→ What is being asked
Up to and including the line that holds "Combining resort vibes", copy every line of the records below exactly, starting at the first; leave pictures out.
[Material for this exercise]
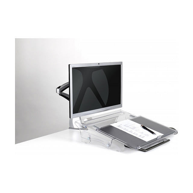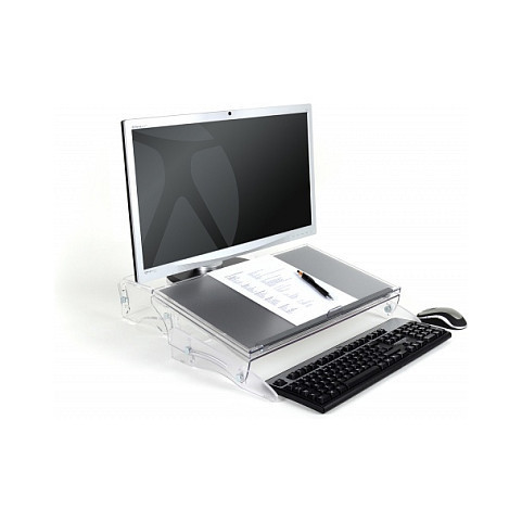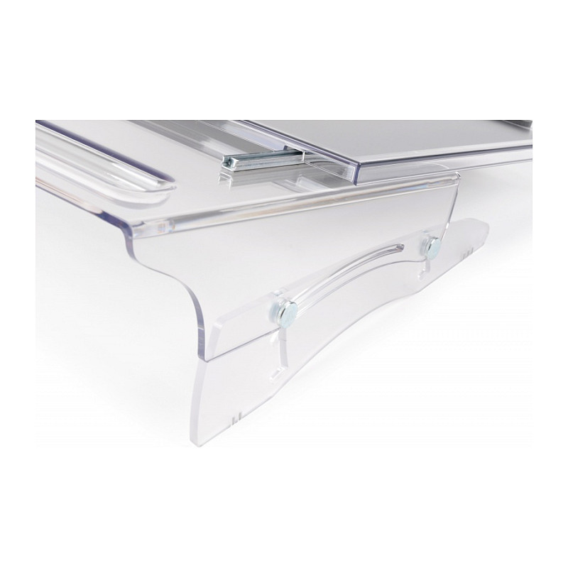Easily pull the anti-reflecting satin surface towards you and take notes on it. The smooth-running rails allow the platform to slide forward. The high-quality acrylic material makes the FlexDesk 640 stable, and the transparent design ensures that your desk does not look overloaded. The FlexDesk 640 provides great features like three levels of height adjustment between 110 and 180 mm, anti-slip-feet, foam edge for the outer edge of the hand, high sliding edge for heavy file folders, a load capacity up to five kg, and a hidden pen-tray. Start working in a line with the FlexDesk 640 document holder and increase your working comfort and productivity."
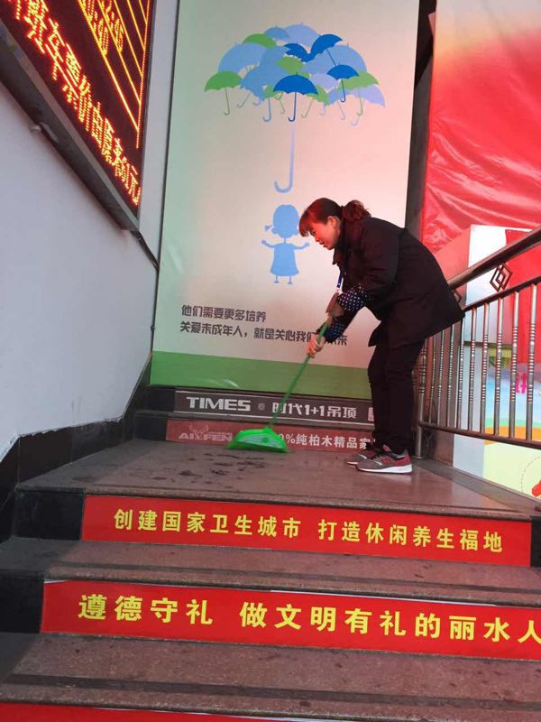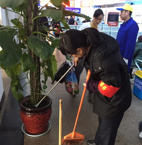 12月10日8:30,東站黨員志愿者在黨支部書記江小華的帶領(lǐng)下分別對站內(nèi)的墻面進(jìn)行刷白和衛(wèi)生死角的清掃。
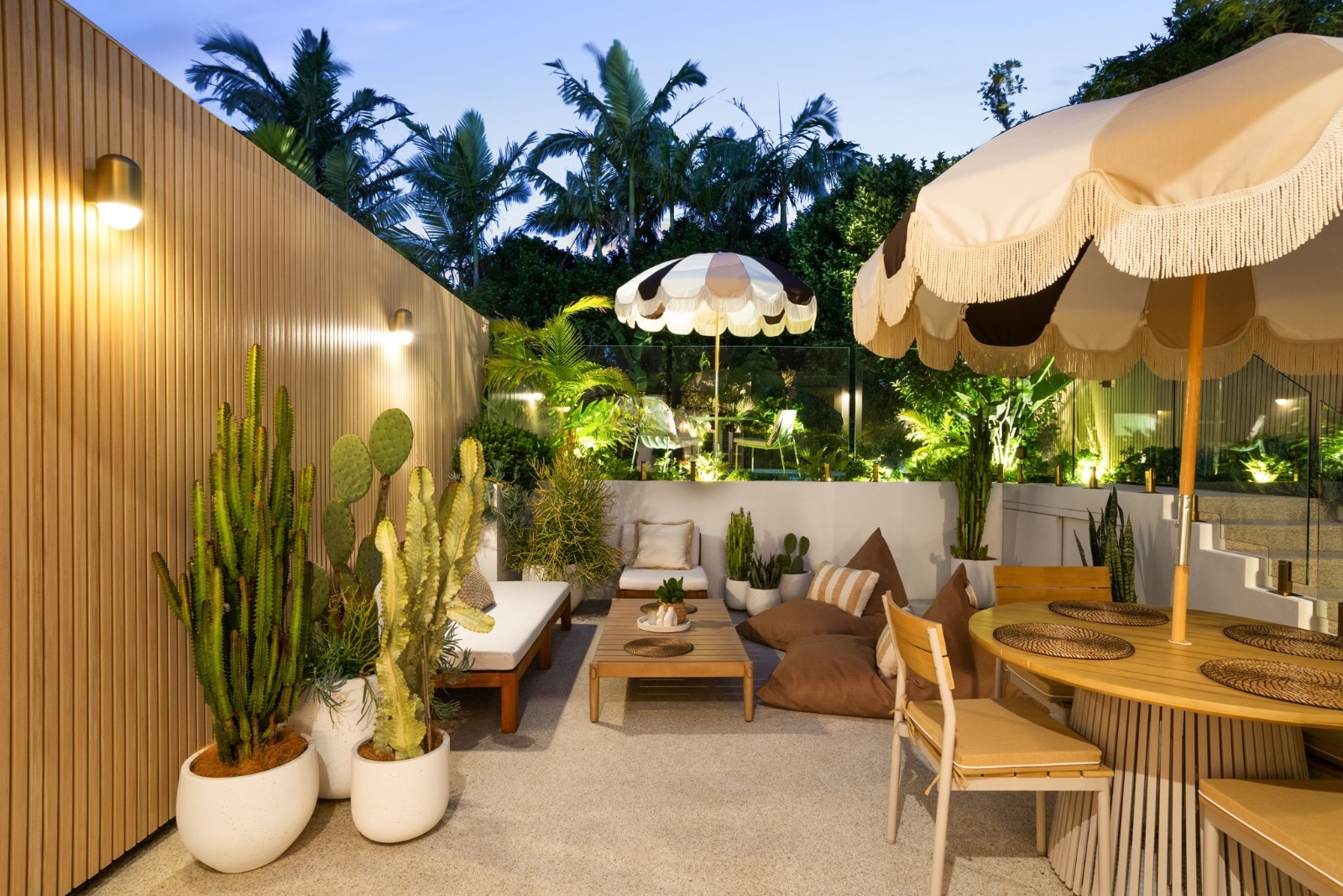 Combining resort vibes (palm planting, pool lighting, hanging chair, lush greenery, sauna) with modern coastal elegance (stone feature fireplace, plantation shutters, clean white joinery, warm timber floors), creating a space that feels both high-end and effortlessly laid-back—like a boutique holiday villa.
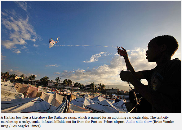 That might seem hard, two weeks after the magnitude 7.0 quake shattered the world of everyone in this camp and killed at least 150,000 of their fellow Haitians, including many close relatives and friends. Life is not easy here at the Daihatsu camp, which is named for an adjoining car dealership and marches up a rocky, snake-infested hillside not far from the Port-au-Prince airport.
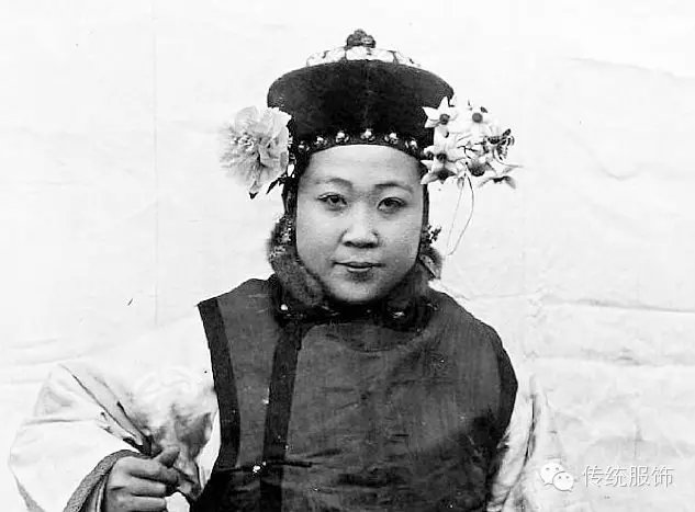 由于“坤秋”不像瓜皮帽之类的会突出一个尖,老照片里也会簪花,所以正面的时候常被人误认为“钿子”。
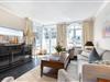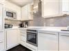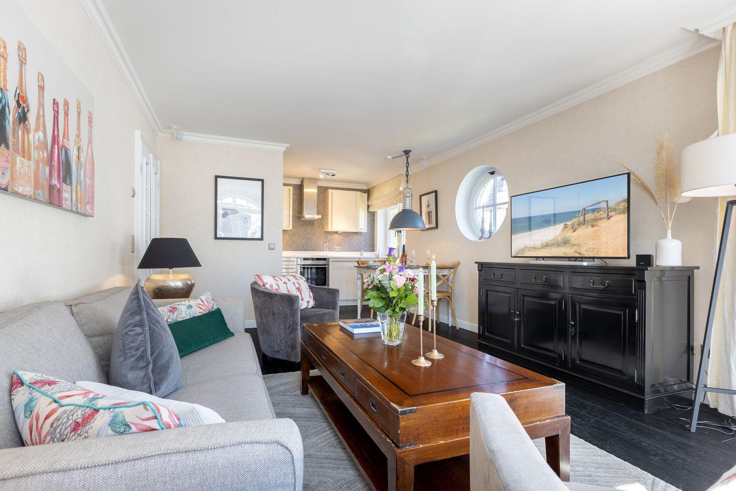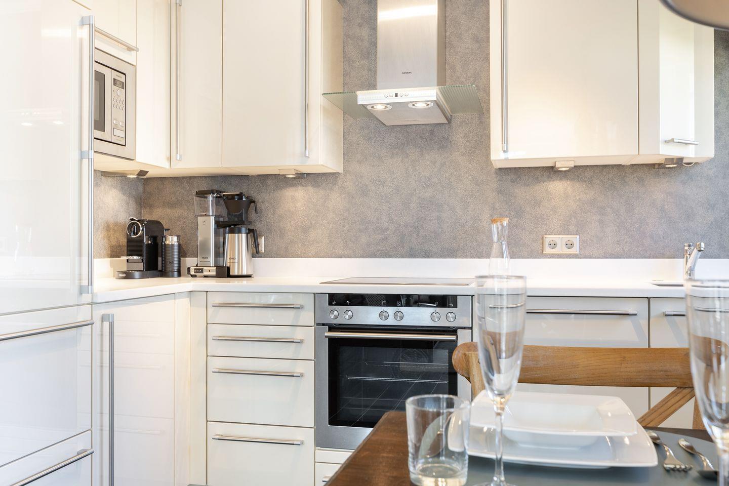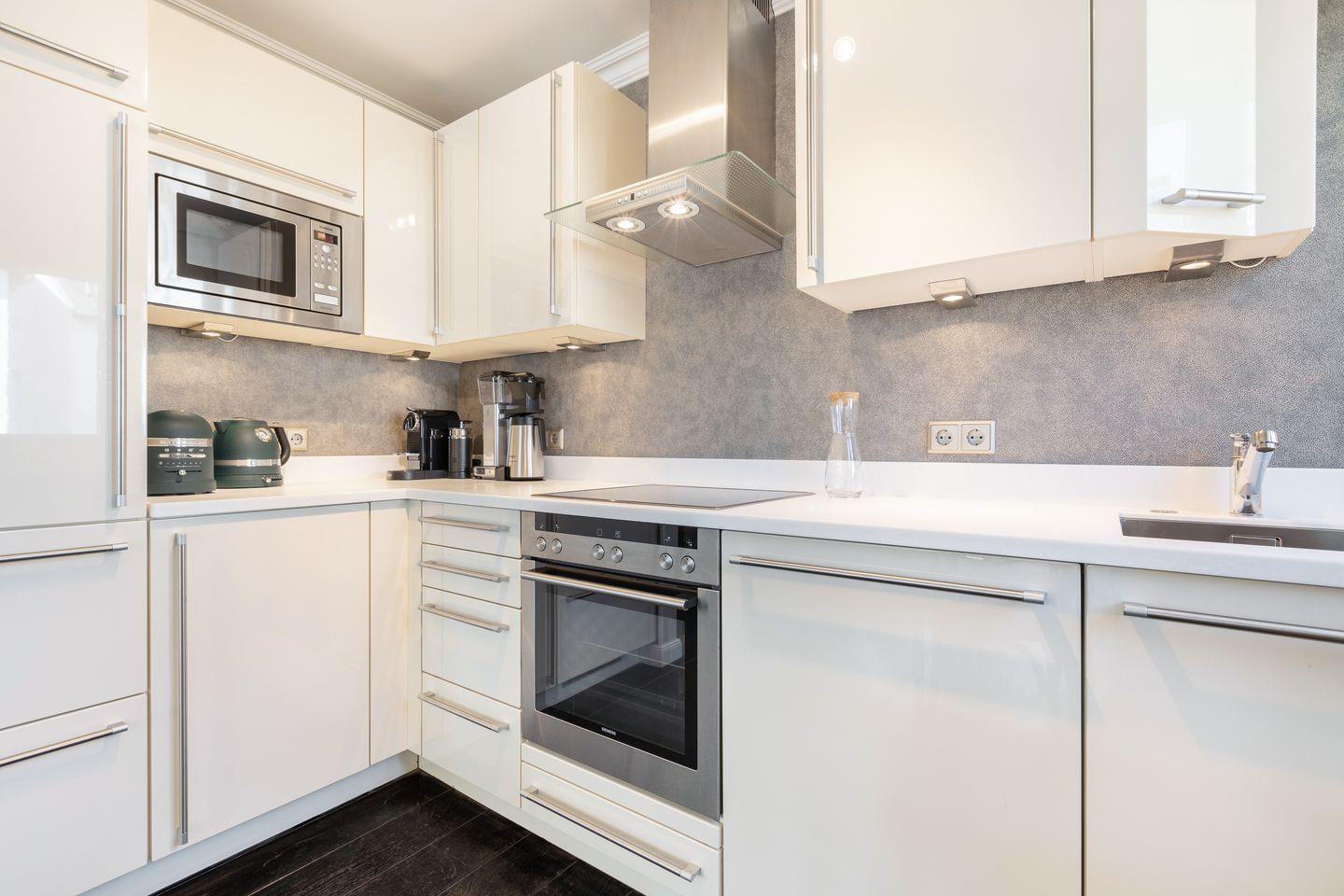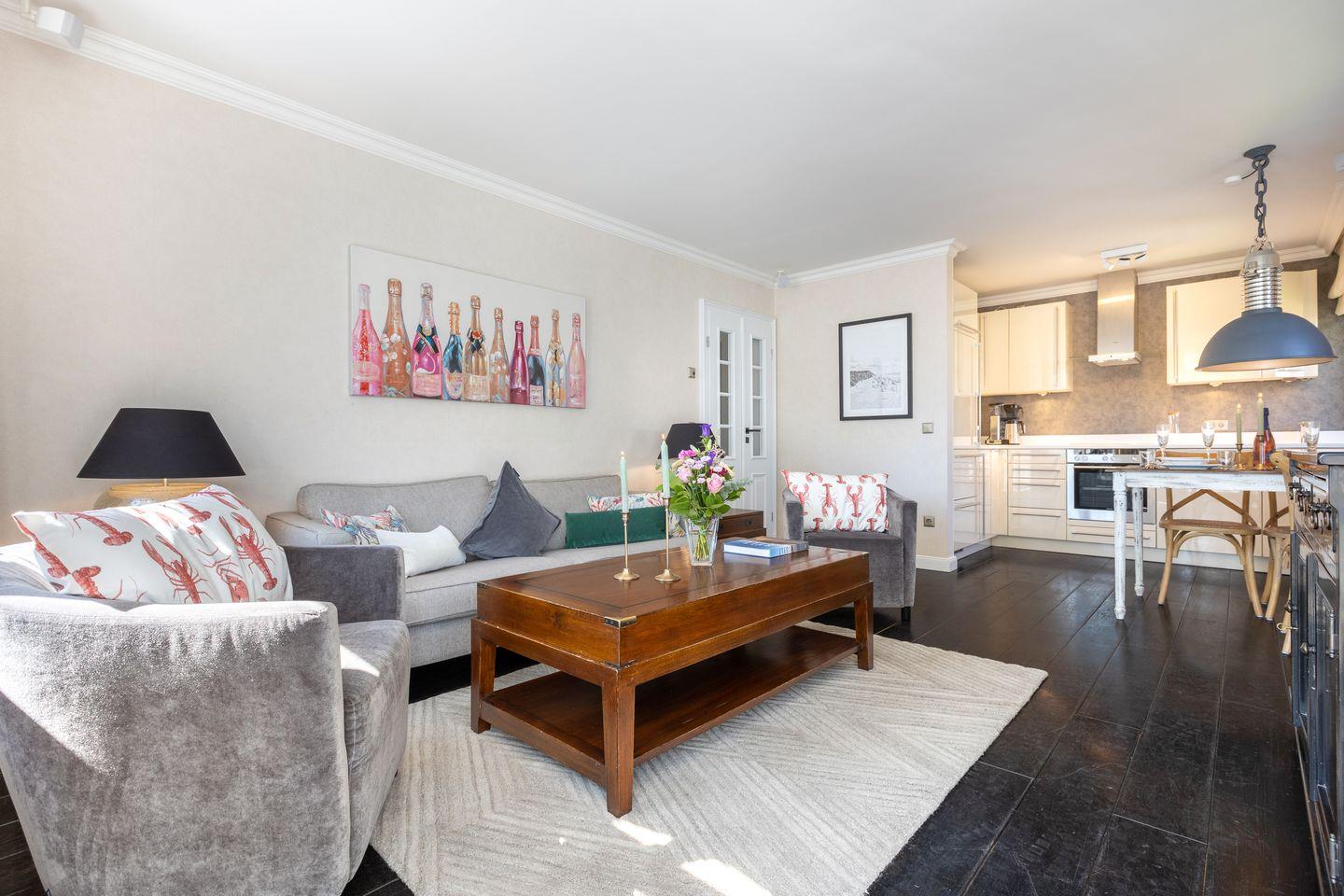Das geschmackvolle Wohnzimmer ist mit einem großen Sofa, zwei Sesseln und einem Esstisch für 4 Personen ausgestattet. Ein direkter Zugang zum möblierten Balkon nach Süden bietet eine perfekte Möglichkeit, die Sonne zu genießen. Die offene Küche ist elegant mit Marmor ausgestattet und bietet modernen Komfort mit Geschirrspüler, Backofen, Herd, Mikrowelle und DeLonghi-Espressomaschine mit Milchaufschäumer.
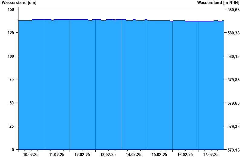 Der Pegel wird durch Baumaßnahmen unterhalb beeinflusst (Rückstau). Entsprechend sind die Abflusswerte nicht korrekt
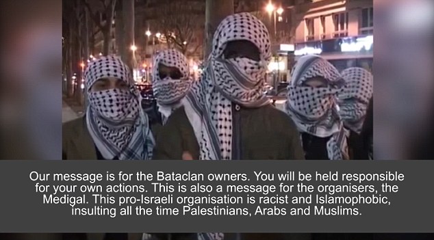 تداولت مواقع التواصل الاجتماعي والصحف العالمية أمس فيديو جديد صور عام 2008، تظهر فيه جماعة فرنسية ملثمة بالكوفية الفلسطينية وهي تهدد موظفي قاعة الحفلات باتاكلان التي شهدت مؤخرا هجمات مروعة على يد انتحاريين أسفرت عن مقتل 89 شخصاً.
[/Material for this exercise]
→ Output of the exercise
Easily pull the anti-reflecting satin surface towards you and take notes on it. The smooth-running rails allow the platform to slide forward. The high-quality acrylic material makes the FlexDesk 640 stable, and the transparent design ensures that your desk does not look overloaded. The FlexDesk 640 provides great features like three levels of height adjustment between 110 and 180 mm, anti-slip-feet, foam edge for the outer edge of the hand, high sliding edge for heavy file folders, a load capacity up to five kg, and a hidden pen-tray. Start working in a line with the FlexDesk 640 document holder and increase your working comfort and productivity."
 12月10日8:30,東站黨員志愿者在黨支部書記江小華的帶領(lǐng)下分別對站內(nèi)的墻面進(jìn)行刷白和衛(wèi)生死角的清掃。
 Combining resort vibes (palm planting, pool lighting, hanging chair, lush greenery, sauna) with modern coastal elegance (stone feature fireplace, plantation shutters, clean white joinery, warm timber floors), creating a space that feels both high-end and effortlessly laid-back—like a boutique holiday villa.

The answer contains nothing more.